Sanctuary (2017)

sanctuary

Director: Len Collin

Starring: Kieran Coppinger, Charlene Kelly, Patrick Becker, Valerie Egan, Robert Doherty, Jennifer Cox, Paul Connolly, Frank Butcher, Emer Macken, Michael Hayes, Karen Murphy

Review Author: Adam

Rating: 4/5 pints of Guinness.

In 2015, The Blue Teapot, Inclusion Ireland and the Irish Film Board came together to break down barriers. The project closed the 2016 Galway Film Fleadh hailed as one of the most ambitious projects in years. Sanctuary is the newest Irish film this July, starring an ensemble of actors with intellectual disabilities from the Blue Teapot Theatre Group.

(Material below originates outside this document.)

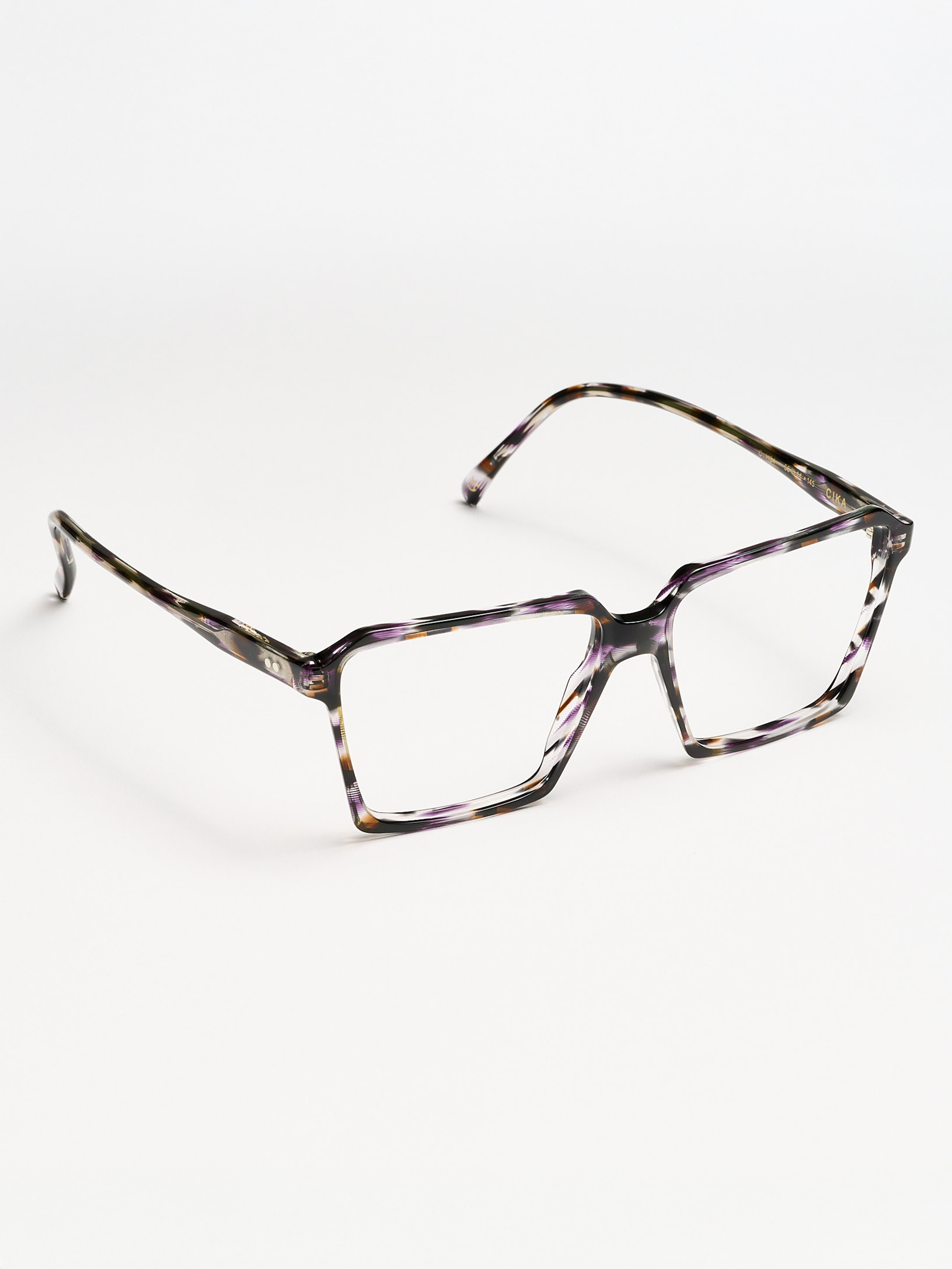Cika è realizzato in acetato Mazzucchelli 100% italiano, scelto per la sua qualità e brillantezza. La montatura squadrata e leggera esprime eleganza e personalità grazie alle aste arricchite da dettagli metallici finemente lavorati. Ogni elemento è rifinito a mano, per garantire comfort e perfezione estetica in ogni dettaglio.

I have to pay the highest of compliments to Len Collin’s directing, setting up some excellent red herrings in the beginning by teasing out the plot just enough to make you draw some assumptions about the characters, which in turn play out very differently.

I can absolutely put my hands in the air and say I wasn’t sure what to expect from this film. I was at the press screening a few days ago and I took my time to really think about the film’s story.

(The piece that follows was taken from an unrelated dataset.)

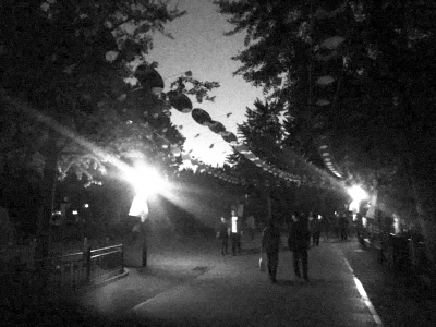陶然亭公园的甬路上,散步的人不少,但是灯光有些昏暗。

It follows a group of adults with intellectual disabilities, who break free from a suspiciously lax supervisor on a pre-Christmas Galway outing. Each event leads into the other perfectly and in terms of building a narrative that stays fresh, this film has it all. 5 stories running in unison, all sparked from a single event, each happening as a result of something wider in the plot, each feeding into the other subtly and pulling away just at the peak.

I was never bored, I was constantly entertained and I was roaring laughing at some of the one-liners that I hope end up in the Irish lexicon. ‘Two pints please, do you want a pint? Ok, two pints for him to please’.  The comedic timing, depth of story and unexpectedly dark twists completely knocked me down. It addresses some very real and often not talked about issues in Irish society that sent ripples across the small crowd I viewed it with.

The comedic ability of the actors turns to dramatic skill very quickly at certain parts that really highlighted not only the day to day struggles of various conditions but also the social and emotional struggles too. All the while also tackling misconceptions about people with intellectual disabilities.

I’m worried that this film isn’t going to get a long run, which is a shame, so I would absolutely encourage everyone to see it.